## Collected data entries
####################

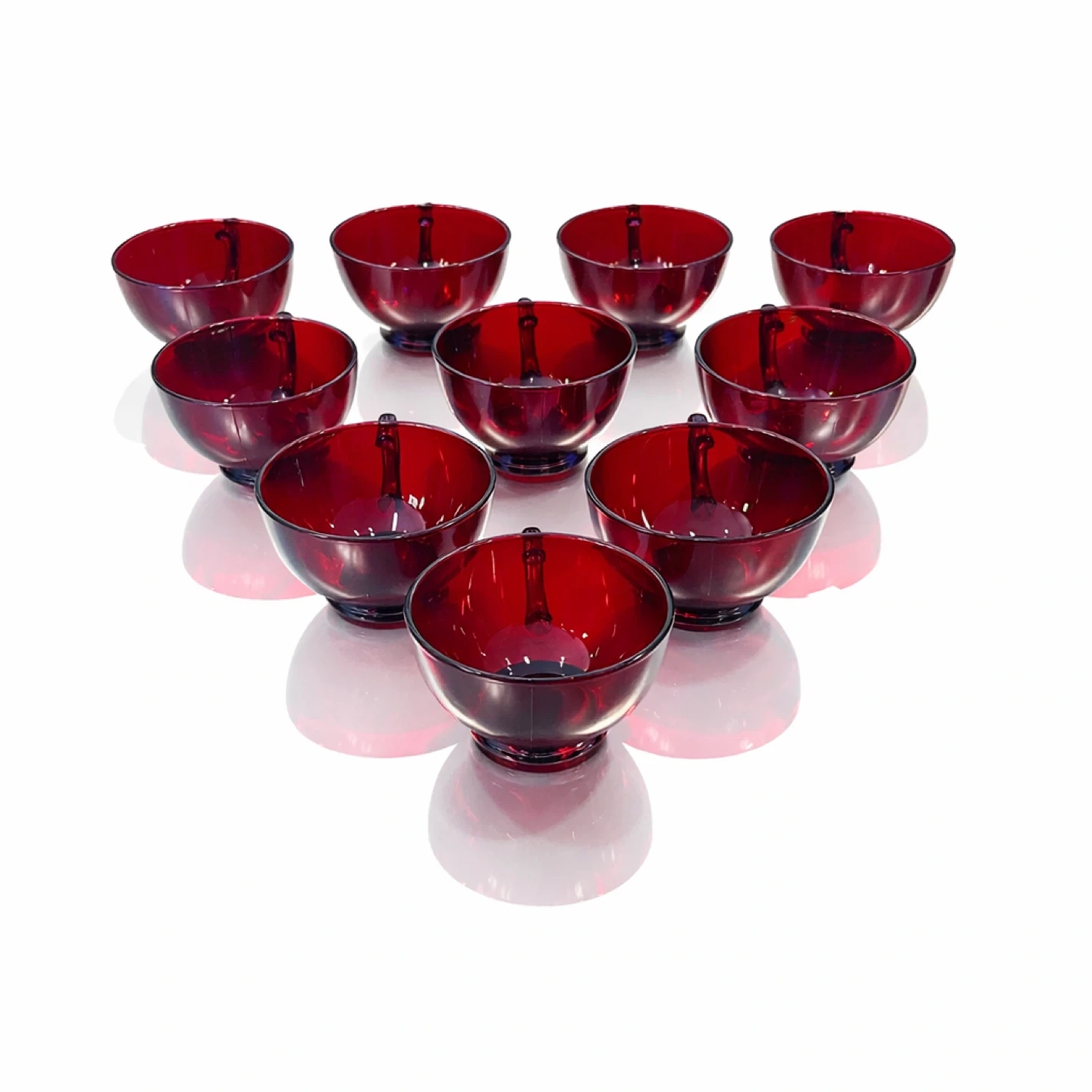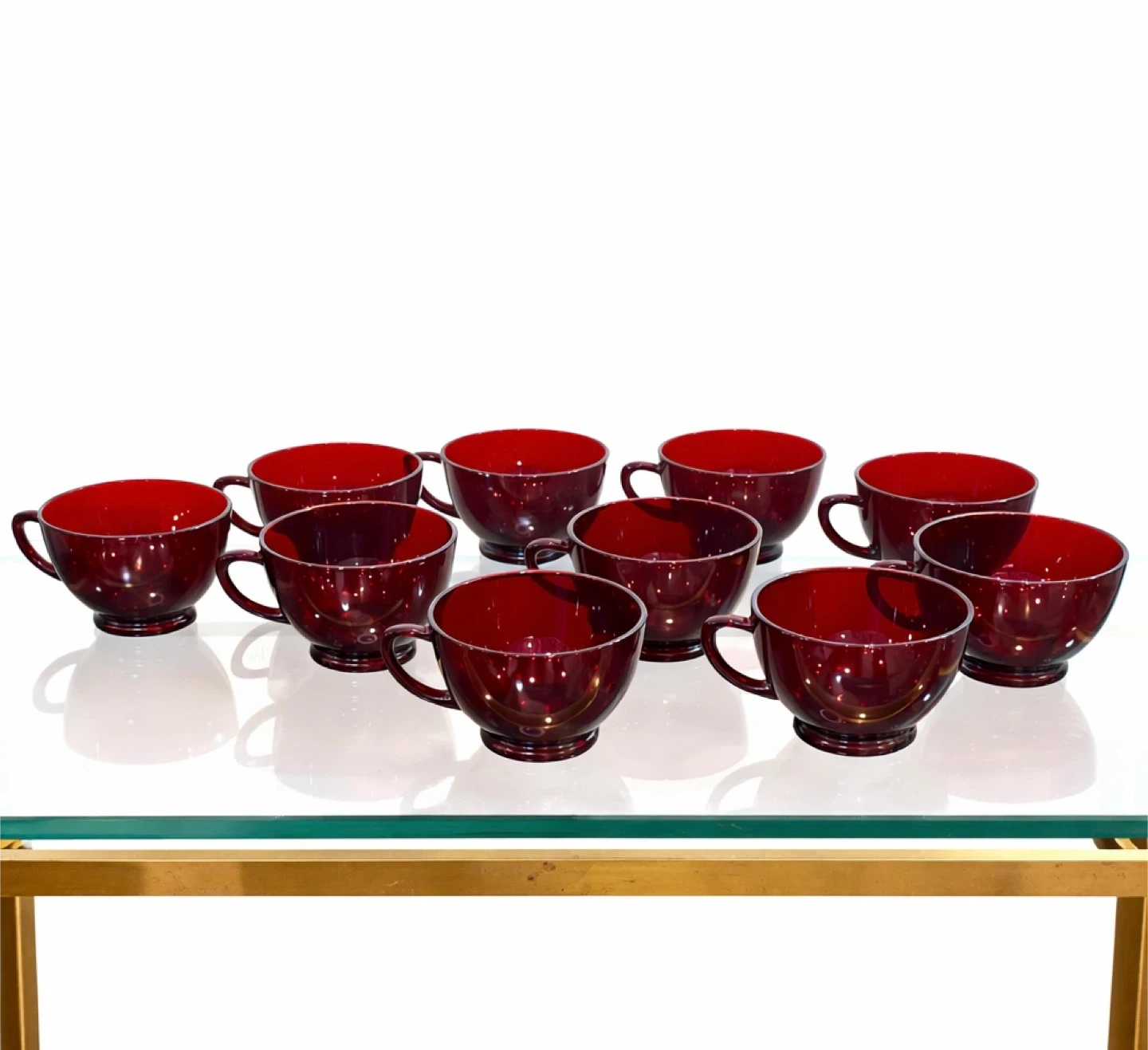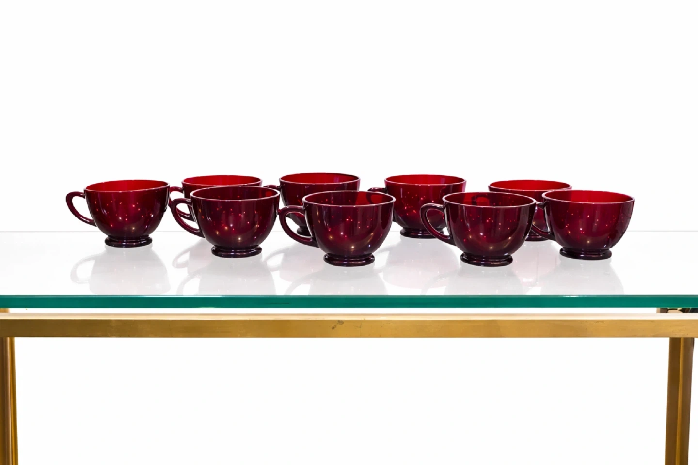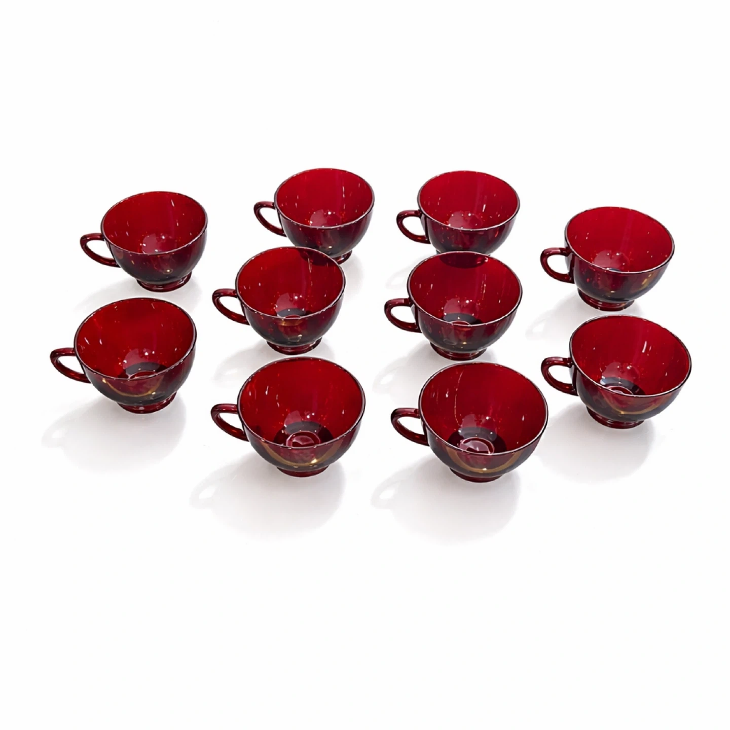Set of 10 Ruby Red Glass Handled Cups, Mid-Century Modern
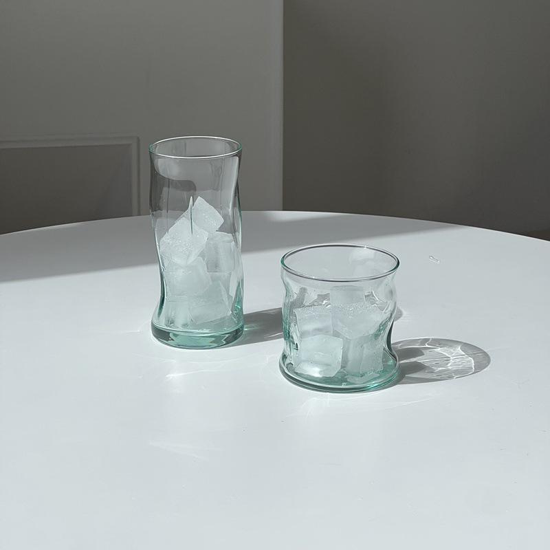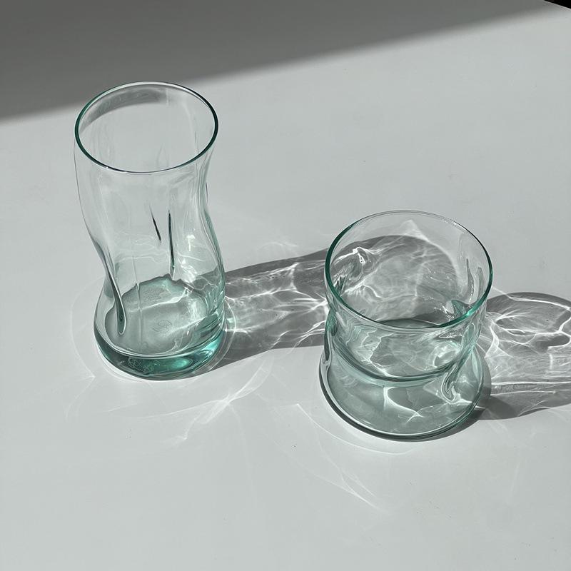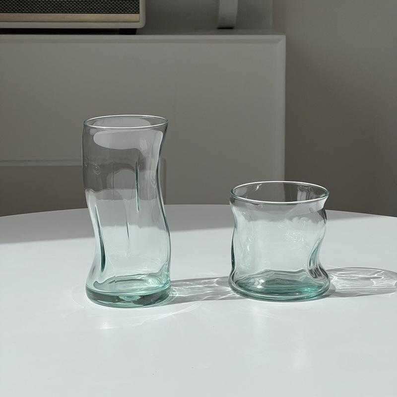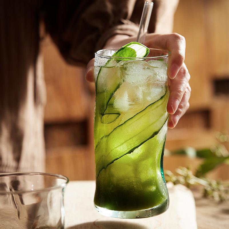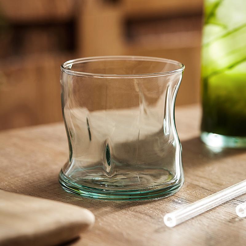 Vaso de Agua de Vidrio Verde Antiguo Medio para el Hogar con Giro Irregular Vaso de Cerveza Vintage Vaso para Bebidas Frías Resistente al Calor Patrón Personalizado
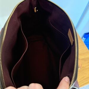 Tote has wear signs and hardware scuffs, water marks.
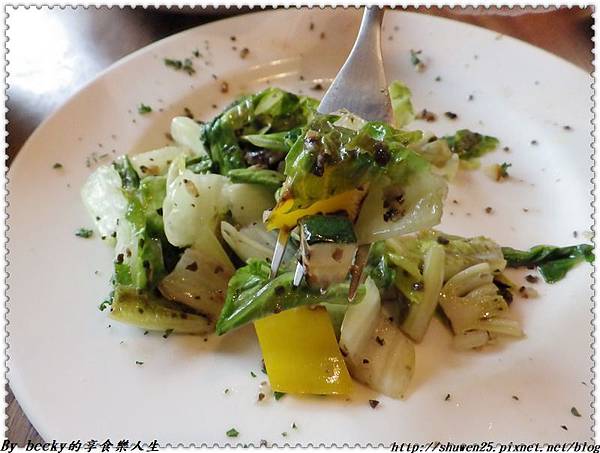 裡頭有玉黍筍、茄子、甜椒、節瓜及蘿蔓;用松露醬及大蒜去翻炒後,上桌前再加上一些義式香料,吃一口,有著黑胡椒香及蒜辣香,新鮮帶有水份的蘿蔓、甜而脆的甜椒及節瓜、玉黍筍,整個入口有著鹹香,多種時蔬層次濃郁口感在嘴中久久不散。
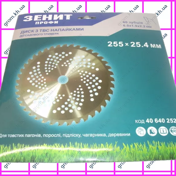 Диск для садового тримера Зеніт 255х25.4 мм 40 ТВС зубців Профі
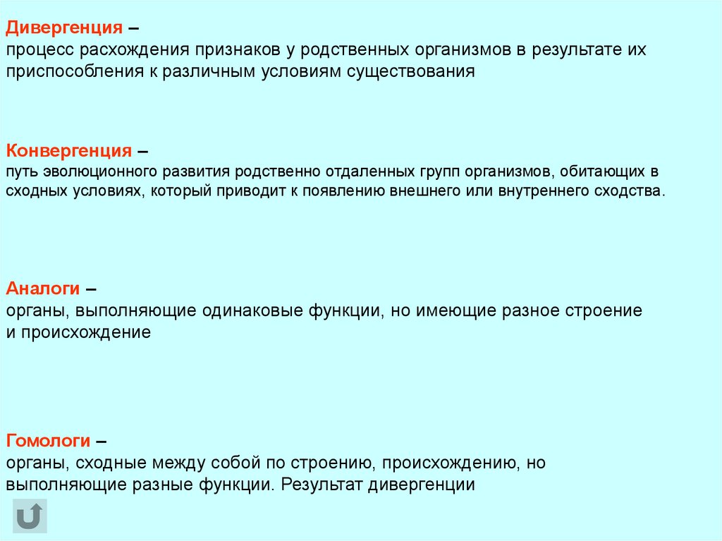 Дивергенция –процесс расхождения признаков у родственных организмов в результате их

####################

## ACTIVITY
Are you able to set down all the lines above exactly, without any pictures?

## SOLUTION TO THIS EXERCISE
Set of 10 Ruby Red Glass Handled Cups, Mid-Century Modern
 Vaso de Agua de Vidrio Verde Antiguo Medio para el Hogar con Giro Irregular Vaso de Cerveza Vintage Vaso para Bebidas Frías Resistente al Calor Patrón Personalizado
 Tote has wear signs and hardware scuffs, water marks.
 裡頭有玉黍筍、茄子、甜椒、節瓜及蘿蔓;用松露醬及大蒜去翻炒後,上桌前再加上一些義式香料,吃一口,有著黑胡椒香及蒜辣香,新鮮帶有水份的蘿蔓、甜而脆的甜椒及節瓜、玉黍筍,整個入口有著鹹香,多種時蔬層次濃郁口感在嘴中久久不散。
 Диск для садового тримера Зеніт 255х25.4 мм 40 ТВС зубців Профі
 Дивергенция –процесс расхождения признаков у родственных организмов в результате их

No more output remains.